1. In any triangle the three medians intersect at a single point, called centroid.
2. In any triangle two-thirds of the length of each median is between the vertex and the centroid, while one-third is between the centroid and the midpoint of the opposite side. So R=Median*2/3.
3. In any triangle the bisectors intersect at a single point, called incenter. The incenter is also the center of the triangle's incircle - the largest circle that will fit inside the triangle.
4. In equilateral triangle altitude(height)=bisector=median.

From above:
With an equilateral triangle, the radius of the incircle is exactly half the radius of the circumcircle --> R=2r.

Radius of inscribed circle = height/3=bisector/3=median/3

Radius of circumscribed circle = height*2/3=bisector*2/3=median*2/3

For more see the Triangle chapter of Math Book in my signature.
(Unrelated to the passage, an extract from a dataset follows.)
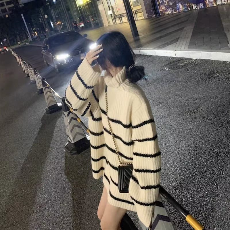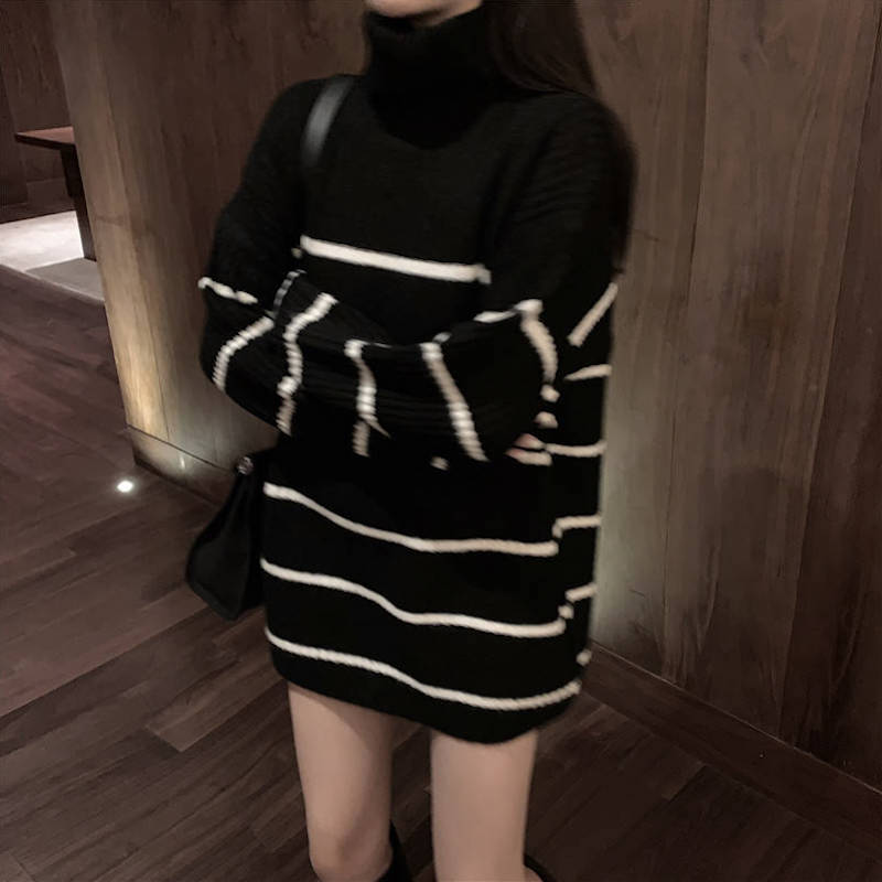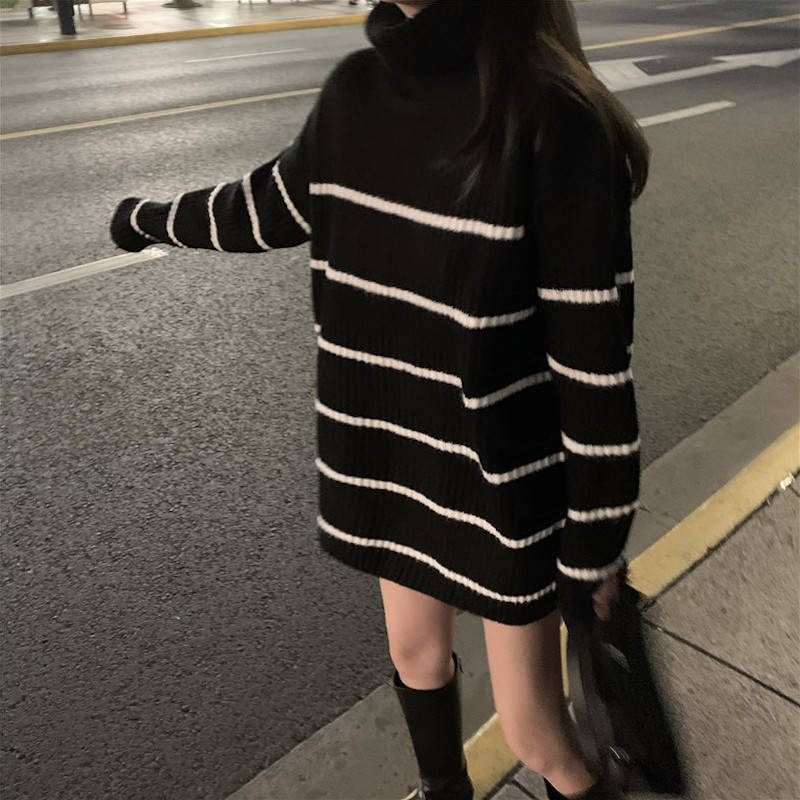 タートルネックボーダービッグニット

Thanks again. Let's say someone forgets the formula for the radius of a circle inscribed in an equilateral triangle (that's a mouthful in itself). How else can the radius be found? Asking because the area you're looking for is pretty simple (A of triangle - A of circle)/3. I want to be able to do the work if necessary.

And yeah, I know I'm better off memorizing the formula since the clock's my enemy.[/quote]

Probably won't have enough time in less than 2 minutes after reading the question though.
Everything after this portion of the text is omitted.